When Viasat brings its high-capacity Ka-band ViaSat-3 F2 satellite on line for the Americas in the near-term, and satellite launches commence for Telesat’s Lightspeed LEO network — which Viasat will tap into for its Amara multi-orbit inflight connectivity service — the Carlsbad, California-based firm will be primed to reengage some of the airline customers that have defected to SpaceX’s competing Starlink IFC service.
When those things come together, “I think it really sets the stage for that next discussion,” Viasat’s vice president of global aviation partners and service delivery, Brian Simone said in an IFC conference session moderated by your author at APEX TECH in Los Angeles. Telesat vice president, aviation Philippe Schleret and ThinKom Solutions chairman and CTO Bill Milroy also served as panelists.
Ready for another cycle
Like other prominent aero ISPs, including Panasonic Avionics and SES, Viasat has seen several airline customers pivot to Starlink, even as it continues to win new IFC awards. But market dynamics are changing. For one, some IFC contracts are getting shorter, meaning that Viasat could find itself back at the negotiating table with these same airlines in the not-too-distant future.
Said Simone:
So, it might be ‘hey, we found out that Starlink might have congestion issues in certain areas, and that might not be tenable,’ or ‘boy, that cost-benefit ratio isn’t quite right for me.’ And so, absolutely, we’re there for the airlines. We think that we’ll be positioned well when that cycle comes back around, and in the meantime, we’re going to continue winning there.
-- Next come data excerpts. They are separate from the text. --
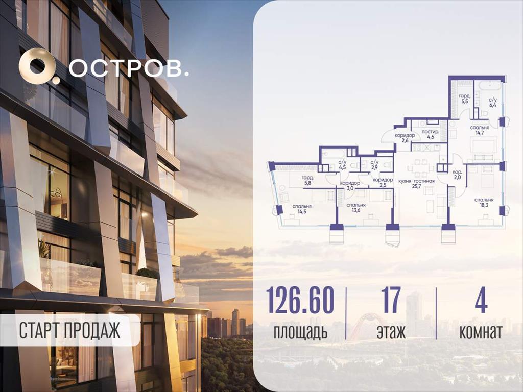 | Продаётся 4-комн. квартира от застройщика: общая площадь 126.60 м, жилая 61.10 м, кухня 25.70 м, 17-й этаж, жилой квартал «Остров 12», корпус 3 (секция 1) . Срок сдачи: 1 квартал 2029 года.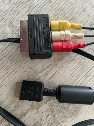 Cavo video e audio AV per PlayStation 1 e 2. - Connettore SCART a RCA. - Include cavi RCA (giallo, bianco, rosso).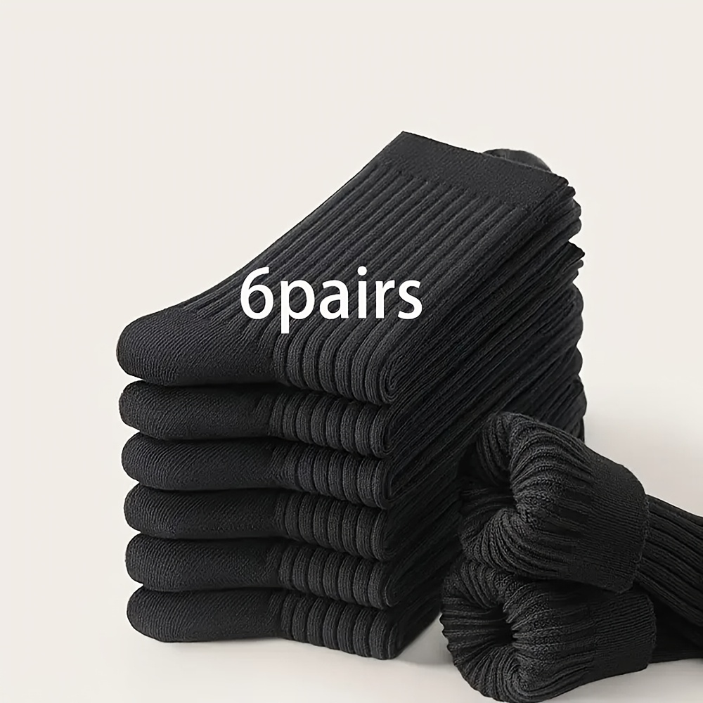 TEMU 6켤레 남성용 블랙 롱 양말 - 통기성, 수분 흡수 니트 원단, 일상 비즈니스 착용용 단색 디자인, 편안하고 다용도, 고품질, 손세탁 전용, 비즈니스 캐주얼 양말|클래식 양말 디자인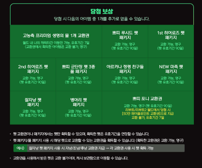 각각의 메이플포인트 교환권을 얻을 수 있습니다.

Some inflight entertainment and connectivity stakeholders anticipate that Starlink will face beam congestion on busy flight corridors. For Simone, the combination of LEO and GEO, as supported by Viasat’s Amara platform, will position it to “have the highest likelihood” to address any congestion that Viasat may encounter on those same corridors.
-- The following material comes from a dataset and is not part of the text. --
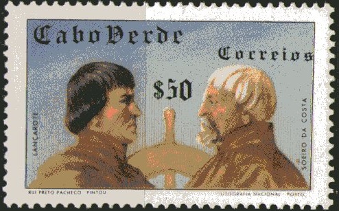 Soeiro da Costa(on the stamp to the right)is Portuguese navigator 15c, participated in the discovery of the coast of Africa and in the slave trade. In 1446 Commercial "Lagos Company" sends a massive fleet of fourteen vessels for slave raid on Arguin Bank . Haded by squadron Lançarote de Freitas. One of the captains squadron was Soeiro da Costa (Alcaide Lagos Lançarote and father-in-law) .After an unsuccessful raid Soeiro da Costa results of the squadron of four or five caravels from Arguin back to Lagos. Dissatisfied with the profit of this trip, Costa makes a quick stop at Cape Blanc, where he grabs a woman berberov.On believes he can buy out of. Arguin for more than slaves. Costa passes the rest of the ships themselves, while he himself returned to the shores of Arguin to seek redemption. But the voyage proves fruitless and Soeiro da Costa eventually returned to Lagos by itself. (More about the slave raid see “Lançarote de Freitas”). 1461 ships expedition Peru di Sintra, one of which was commanded Soeiro da Costa, rounded Cape Palmas (4 degrees south latitude) and entered the waters of the Gulf of Guinea. 1470 Soeiro da Costa, a former companion of Pedro de Sintra, located on the border between Liberia and Côte d'Ivoire, where found, that the coast turns finally to the east. In the vicinity of Cape "Three Points» Soeiro came into the coasts of modern Ghana, which because of its wealth of gold called "Gold Coast" .Byl in the early colonial period, as indeed all the Guinean coast are named after their main commercial products.

If we have a high demand in one asset, we could switch to the other. So we’re looking at what those SLAs should look like when you’re in this multi-orbit environment, and how to ensure that we’re delivering that best experience. Focus on the passenger experience, deliver that passenger experience, and set the metrics to demonstrate that we’re able to do that.
New IFC awards
In terms of winning new business, Viasat continues to see tremendous opportunities in the market, despite the success of Starlink.
“You know, as we look around the globe, we’re continuing to win airlines. We’re getting additional fleets with our current customers, and so, yes, it’s competitive,” Simone said.
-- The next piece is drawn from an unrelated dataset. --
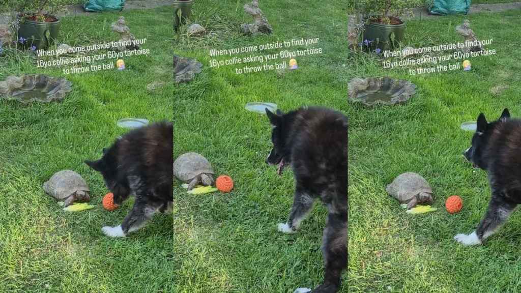 The text on the video reads, “When you come outside to find your 16yo collie asking your 60yo tortoise to throw the ball,” capturing the humor of the situation. The owner also added a lighthearted remark, saying they sometimes wonder what it would be like to have “normal pets.”

But it’s also “a big market. There’s a lot of aircraft coming out. Airbus and Boeing have backlogs that they can’t produce aircraft fast enough.” And while Viasat has long been a proponent of the full, fast, free Wi-Fi model, having set the standard at JetBlue, it is willing to work with carriers that aren’t yet ready to go in that direction.
“Not everyone is going to be able to afford a full, free offering. So, what are the products that help offset that? Monetization, ad platform, some of those things that we offer to our customers will help ensure that they can get connected,” Simone said.
There are also “plenty of airlines who want the dual-source approach” to IFC and don’t want to be locked into any single provider, he noted. “And that’s okay. You know, we’re here for you. We have the right products, and the market is big, so we’re not afraid of what that looks like.”
Passengers using Viasat over ViaSat-3 F1 think they’re on Starlink
In the lead up to the launch of Viasat’s first ViaSat-3 satellite, the F1 asset for the Americas, there was a tremendous amount of excitement in the market, including for what it would mean for the airline passenger experience. But F1 experienced an anomaly, reducing throughput to an estimated 5% to 10%.
That anomaly could be seen as having created a crack in the armor — an opportunity for Starlink and indeed Amazon LEO to slide in, as the latter has done at JetBlue.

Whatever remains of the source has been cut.